The Salton Sea geothermal field also contains high concentrations of valuable minerals in the brine that can greatly improve the economics of geothermal energy development. For example, this resource is estimated to be capable of producing more than 600,000 metric tons of lithium carbonite equivalent (LCE) per year – worth over $6 billion and sufficient to produce about 11.3 million electric vehicle batteries annually. Other valuable minerals in the brine include manganese and zinc, which could also support domestic battery production. However, high levels of other minerals in the brine interfere with the direct lithium extraction process. As noted by the Blue Ribbon Commission on Lithium Extraction in California, there is an opportunity to reduce solid wastes in geothermal and lithium recovery operations. The current brine treatment processes result in leftover solid waste products (i.e., brine cake) containing silica, iron, and trace minerals, including lead and arsenic, that require landfill or costly hazardous waste disposal. Reduction of these solid waste products would result in lower operating costs while improving mineral recovery.
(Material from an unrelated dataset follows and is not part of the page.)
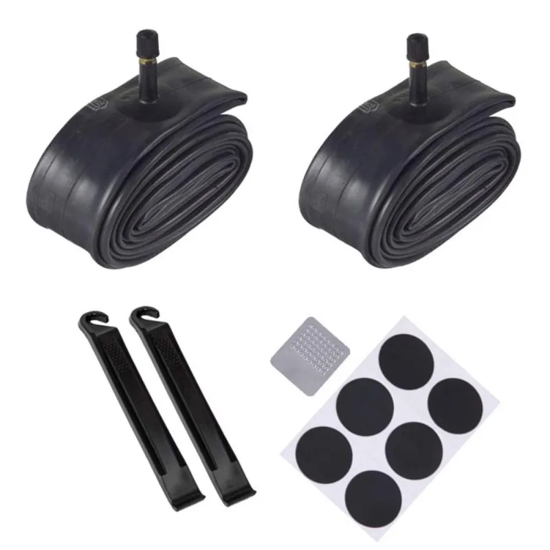 2 внутренних трубки велосипеда, 2 шиномонтажных стержня, 6 самоклеящихся круглых пластырей, 1 металлический чистящий файл

Each project must fall within one of the following project groups:
· Group 1: Preventing Scaling and Corrosion in Geothermal Facilities;
Group 2: Recovering Minerals and Decreasing Waste Products from Geothermal Brine; or
Group 3: Comprehensive Brine Management Concepts to Reduce Operating Costs and Improve Mineral Recovery.
- Other Legal Entity
- Public Agency
- Tribal Government
This solicitation is open to all public and private entities with the exception of local publicly owned electric utilities.
No local publicly owned electric utilities.
Matching Funding Requirement:
Match funding is required in the amount of at least 30% (Groups 1 and 2) and 10% (Group 3) of the requested CEC funds.